Q.: How many crimes have been recorded this year in the region?
A.: Since the beginning of the year, we have recorded over 54,000 crimes. What has reduced is the number of impingements on the lives and health of citizens, and the number of crimes against personal and property security – murders, willful grievous bodily harms, robberies, home burglaries and car thefts. During the past few years, the so-called remote frauds have been the most widely spread crimes. Since the beginning of 2019, over 5,500 frauds connected with the use of Internet, mobile communications and credit cards have been registered.
Q.: Is there such a phenomenon as ‘seasonal crimes’?
A.: Of course, during the summer season pecuniary crimes stir big alarm.
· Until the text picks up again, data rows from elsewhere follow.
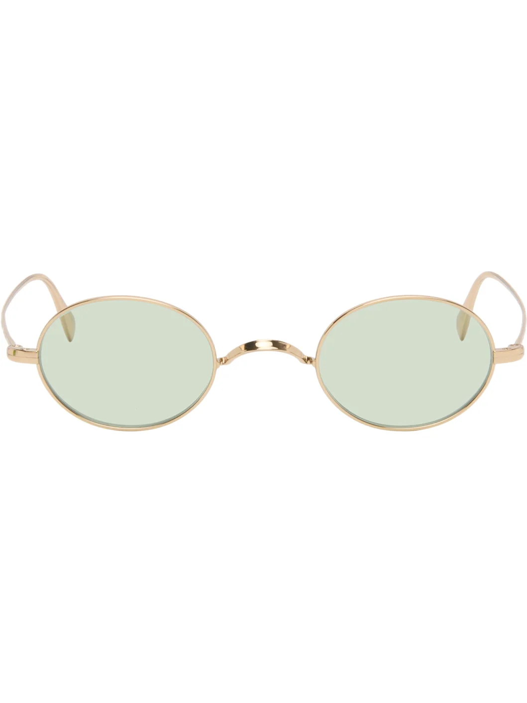 Handcrafted oval metal-frame sunglasses. · Green lenses · Saddle bridge · Logo embossed at temples and temple tip · Includes case · Size: 43.24 145 Supplier color: Gold metal/Green wash Metal. Made in Italy 261499M134012
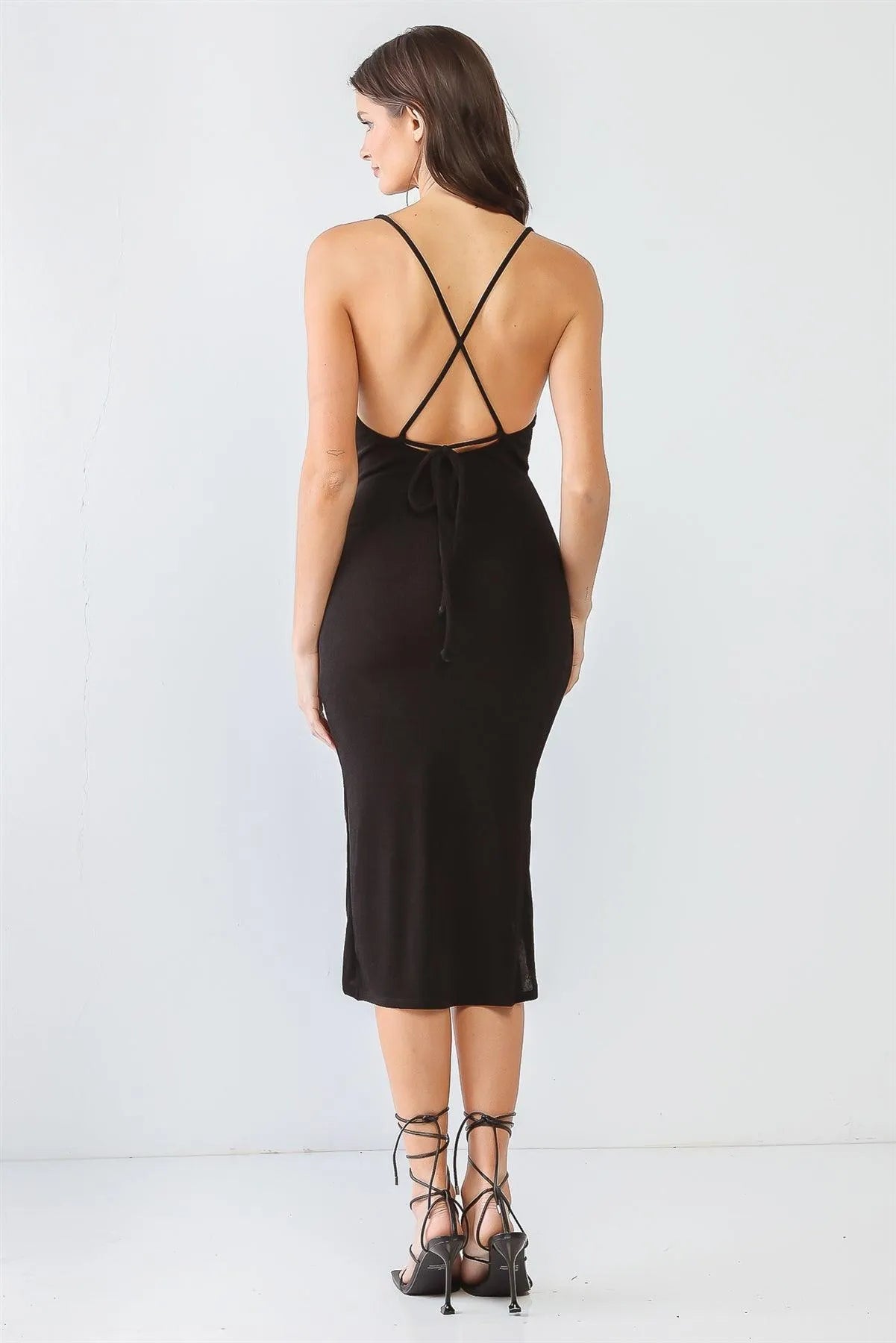 🖤 Item Features: Black, solid color, cowl neckline, strappy, wrap hem, midi length, semi-stretchy, unlined, not see through, cute, girlish, hot, sexy, elegant, must-have
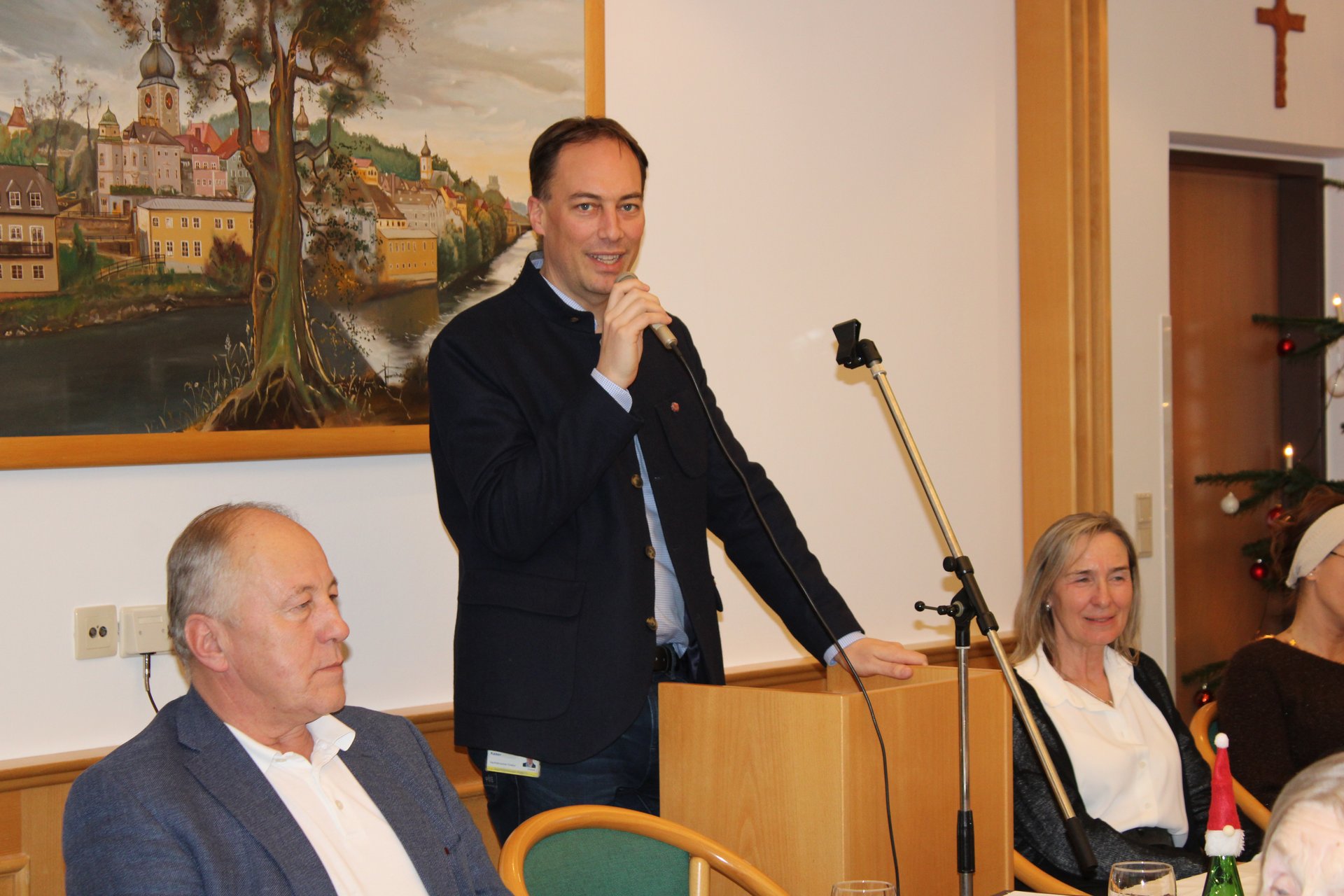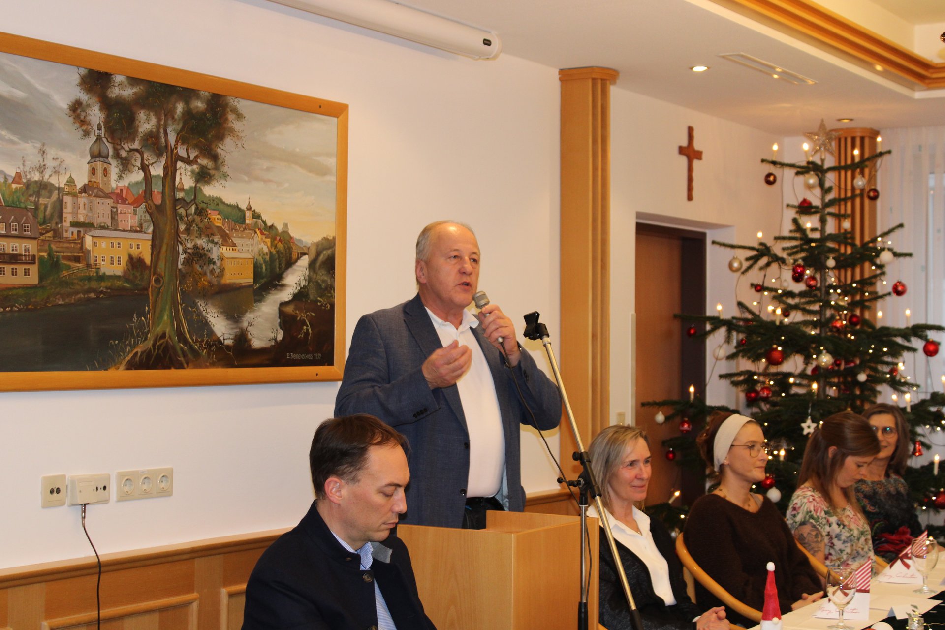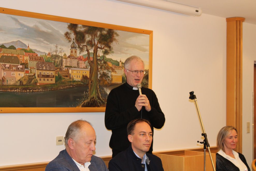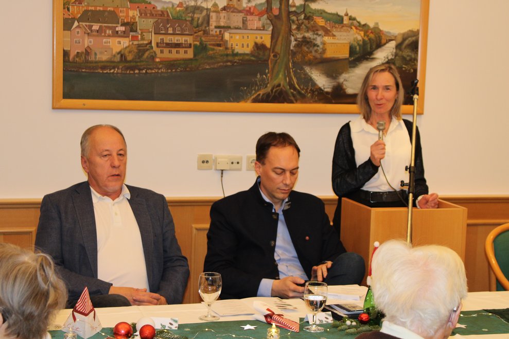 Stadtpfarrer Mag. Christian Poschenrieder hob in seiner Rede den Sinn des Weihnachtsfestes hervor. Stadtrat Franz Sommer (in Vertretung von Bürgermeister Werner Krammer) sprach über die Wichtigkeit von Gemeinschaft.

I am confident that prevention activities should be of great importance in this sphere.
Q.: Does the so-called ‘children’s’ law work in reality?
A.: Let’s have a look at the statistics: in 2008, 47,000 underage transgressors were detained; for nine months of this year, the figure is fewer than 10,000 – so there is direct evidence of reduction in numbers. During the years of the ‘children’s’ law, the total numberof crimes committed by teenagers has more than halved – from 2,300 in 2008 down to 990 in 2018. The number of wrongdoings committed by underage persons at night in public places has also reduced by 20%.
Q.: What is the situation with filling up the positions of district police officers?
A.: At the local level, the staff is filled up nearly by 90%. Today, there are 1,850 district police officers in the region, of whom about 1,000 serve in rural localities. The average age of our district police officer is 25 to 30 years. Two thirds of them have served for less than three years. The practice shows that upon graduating the police schools, young lieutenants are usually not fully prepared to settle the conflicts arising among citizens due to the lack of experience and professional skills. This fact results in shortages in manning the position.
Q.: How do the police fight for the purity of their ranks?
A.: Each appointment must be approved by our Professional Standards Division. This year, they have performed over 9,000 approvals of various posts. Besides, our HR Department has performed 285 inspections of claimed violations of anticorruption law. Two hundred and twenty-five officers have been brought to disciplinary responsibility, of whom seven were discharged for loss of trust.